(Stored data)
*** Begin section ***
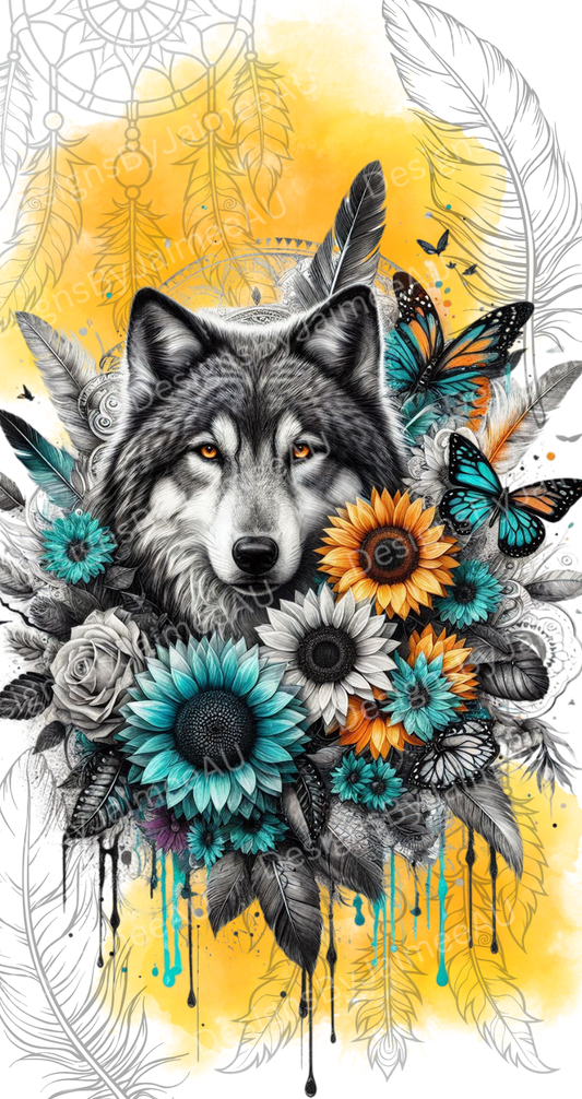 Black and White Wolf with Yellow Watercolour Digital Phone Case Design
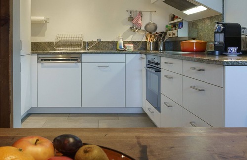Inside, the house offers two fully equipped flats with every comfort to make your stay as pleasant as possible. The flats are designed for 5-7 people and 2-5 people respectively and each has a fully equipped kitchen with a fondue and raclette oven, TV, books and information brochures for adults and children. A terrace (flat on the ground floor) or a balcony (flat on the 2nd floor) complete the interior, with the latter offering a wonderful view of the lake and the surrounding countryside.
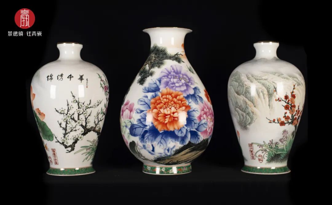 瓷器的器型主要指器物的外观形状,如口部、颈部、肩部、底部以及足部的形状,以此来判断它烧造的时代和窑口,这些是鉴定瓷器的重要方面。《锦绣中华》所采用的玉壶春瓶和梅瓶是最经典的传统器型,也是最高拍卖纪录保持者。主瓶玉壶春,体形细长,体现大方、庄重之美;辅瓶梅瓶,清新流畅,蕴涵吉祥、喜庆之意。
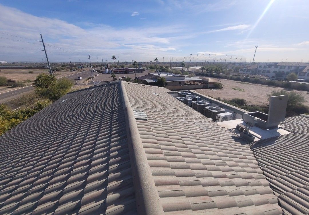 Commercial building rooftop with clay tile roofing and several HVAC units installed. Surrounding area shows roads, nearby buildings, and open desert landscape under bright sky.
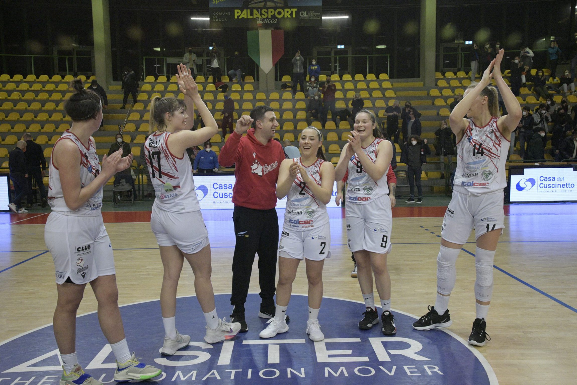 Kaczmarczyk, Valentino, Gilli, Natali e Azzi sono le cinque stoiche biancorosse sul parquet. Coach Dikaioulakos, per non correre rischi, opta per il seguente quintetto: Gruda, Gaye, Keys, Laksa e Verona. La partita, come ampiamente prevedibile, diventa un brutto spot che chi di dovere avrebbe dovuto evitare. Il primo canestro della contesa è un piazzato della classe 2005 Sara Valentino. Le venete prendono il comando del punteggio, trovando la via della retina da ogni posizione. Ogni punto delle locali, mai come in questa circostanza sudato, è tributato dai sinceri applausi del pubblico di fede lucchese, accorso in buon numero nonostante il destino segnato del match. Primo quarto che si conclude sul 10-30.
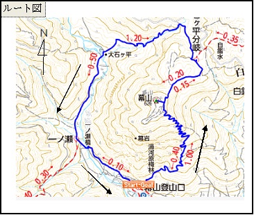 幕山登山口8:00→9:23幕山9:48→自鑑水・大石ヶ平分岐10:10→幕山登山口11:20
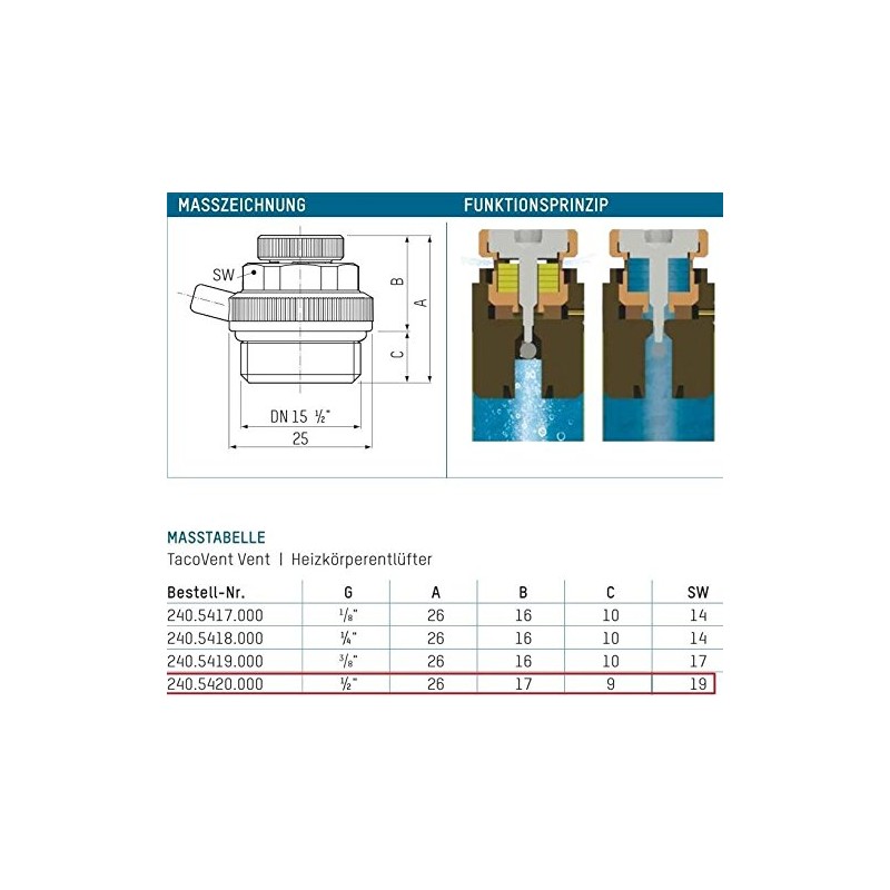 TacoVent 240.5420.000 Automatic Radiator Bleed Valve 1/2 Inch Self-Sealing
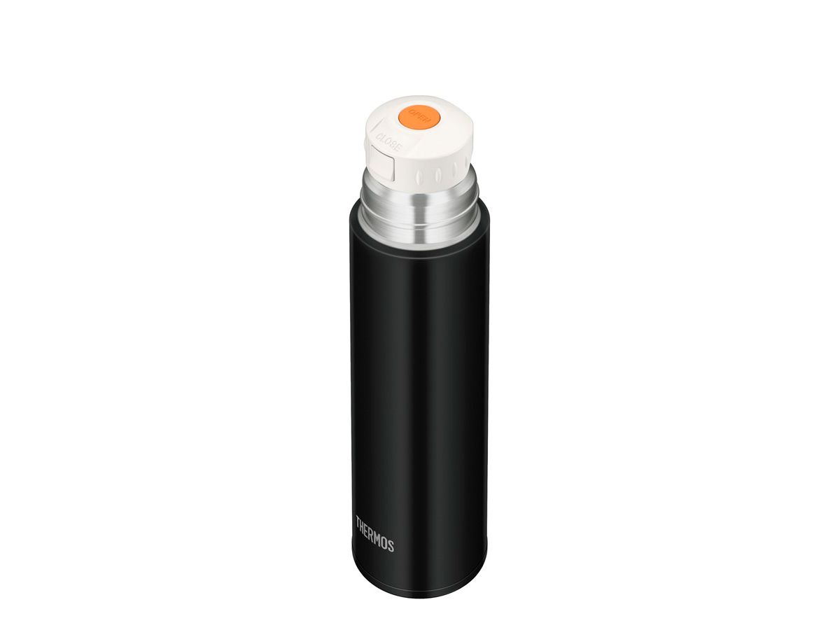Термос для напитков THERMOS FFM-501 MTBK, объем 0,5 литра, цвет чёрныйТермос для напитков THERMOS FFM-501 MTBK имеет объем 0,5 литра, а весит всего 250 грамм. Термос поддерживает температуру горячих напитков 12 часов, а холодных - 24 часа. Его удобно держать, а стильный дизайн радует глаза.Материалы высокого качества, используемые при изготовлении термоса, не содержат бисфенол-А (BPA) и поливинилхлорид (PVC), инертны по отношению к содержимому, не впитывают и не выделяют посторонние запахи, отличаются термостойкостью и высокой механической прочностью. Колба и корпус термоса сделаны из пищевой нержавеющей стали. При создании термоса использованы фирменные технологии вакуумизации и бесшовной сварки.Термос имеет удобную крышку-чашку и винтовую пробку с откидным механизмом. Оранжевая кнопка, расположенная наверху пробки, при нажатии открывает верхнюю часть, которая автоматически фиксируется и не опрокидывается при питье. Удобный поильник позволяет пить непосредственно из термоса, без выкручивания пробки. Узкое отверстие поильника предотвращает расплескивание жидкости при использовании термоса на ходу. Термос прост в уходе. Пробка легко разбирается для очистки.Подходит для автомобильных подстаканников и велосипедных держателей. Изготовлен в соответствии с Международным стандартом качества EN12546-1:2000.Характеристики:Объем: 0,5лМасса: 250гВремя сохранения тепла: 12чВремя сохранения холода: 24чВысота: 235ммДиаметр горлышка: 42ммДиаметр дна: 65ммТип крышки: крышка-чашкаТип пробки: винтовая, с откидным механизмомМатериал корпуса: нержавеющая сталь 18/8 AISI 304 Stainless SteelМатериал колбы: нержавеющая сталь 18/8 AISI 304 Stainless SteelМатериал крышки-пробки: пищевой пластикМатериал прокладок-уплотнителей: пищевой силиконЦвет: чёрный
*** End section ***
Activity:
Leave the pictures behind and repeat each entry exactly.

Completed exercise:
 Black and White Wolf with Yellow Watercolour Digital Phone Case Design
Inside, the house offers two fully equipped flats with every comfort to make your stay as pleasant as possible. The flats are designed for 5-7 people and 2-5 people respectively and each has a fully equipped kitchen with a fondue and raclette oven, TV, books and information brochures for adults and children. A terrace (flat on the ground floor) or a balcony (flat on the 2nd floor) complete the interior, with the latter offering a wonderful view of the lake and the surrounding countryside.
 瓷器的器型主要指器物的外观形状,如口部、颈部、肩部、底部以及足部的形状,以此来判断它烧造的时代和窑口,这些是鉴定瓷器的重要方面。《锦绣中华》所采用的玉壶春瓶和梅瓶是最经典的传统器型,也是最高拍卖纪录保持者。主瓶玉壶春,体形细长,体现大方、庄重之美;辅瓶梅瓶,清新流畅,蕴涵吉祥、喜庆之意。
 Commercial building rooftop with clay tile roofing and several HVAC units installed. Surrounding area shows roads, nearby buildings, and open desert landscape under bright sky.
 Kaczmarczyk, Valentino, Gilli, Natali e Azzi sono le cinque stoiche biancorosse sul parquet. Coach Dikaioulakos, per non correre rischi, opta per il seguente quintetto: Gruda, Gaye, Keys, Laksa e Verona. La partita, come ampiamente prevedibile, diventa un brutto spot che chi di dovere avrebbe dovuto evitare. Il primo canestro della contesa è un piazzato della classe 2005 Sara Valentino. Le venete prendono il comando del punteggio, trovando la via della retina da ogni posizione. Ogni punto delle locali, mai come in questa circostanza sudato, è tributato dai sinceri applausi del pubblico di fede lucchese, accorso in buon numero nonostante il destino segnato del match. Primo quarto che si conclude sul 10-30.
 幕山登山口8:00→9:23幕山9:48→自鑑水・大石ヶ平分岐10:10→幕山登山口11:20
 TacoVent 240.5420.000 Automatic Radiator Bleed Valve 1/2 Inch Self-Sealing
Термос для напитков THERMOS FFM-501 MTBK, объем 0,5 литра, цвет чёрныйТермос для напитков THERMOS FFM-501 MTBK имеет объем 0,5 литра, а весит всего 250 грамм. Термос поддерживает температуру горячих напитков 12 часов, а холодных - 24 часа. Его удобно держать, а стильный дизайн радует глаза.Материалы высокого качества, используемые при изготовлении термоса, не содержат бисфенол-А (BPA) и поливинилхлорид (PVC), инертны по отношению к содержимому, не впитывают и не выделяют посторонние запахи, отличаются термостойкостью и высокой механической прочностью. Колба и корпус термоса сделаны из пищевой нержавеющей стали. При создании термоса использованы фирменные технологии вакуумизации и бесшовной сварки.Термос имеет удобную крышку-чашку и винтовую пробку с откидным механизмом. Оранжевая кнопка, расположенная наверху пробки, при нажатии открывает верхнюю часть, которая автоматически фиксируется и не опрокидывается при питье. Удобный поильник позволяет пить непосредственно из термоса, без выкручивания пробки. Узкое отверстие поильника предотвращает расплескивание жидкости при использовании термоса на ходу. Термос прост в уходе. Пробка легко разбирается для очистки.Подходит для автомобильных подстаканников и велосипедных держателей. Изготовлен в соответствии с Международным стандартом качества EN12546-1:2000.Характеристики:Объем: 0,5лМасса: 250гВремя сохранения тепла: 12чВремя сохранения холода: 24чВысота: 235ммДиаметр горлышка: 42ммДиаметр дна: 65ммТип крышки: крышка-чашкаТип пробки: винтовая, с откидным механизмомМатериал корпуса: нержавеющая сталь 18/8 AISI 304 Stainless SteelМатериал колбы: нержавеющая сталь 18/8 AISI 304 Stainless SteelМатериал крышки-пробки: пищевой пластикМатериал прокладок-уплотнителей: пищевой силиконЦвет: чёрный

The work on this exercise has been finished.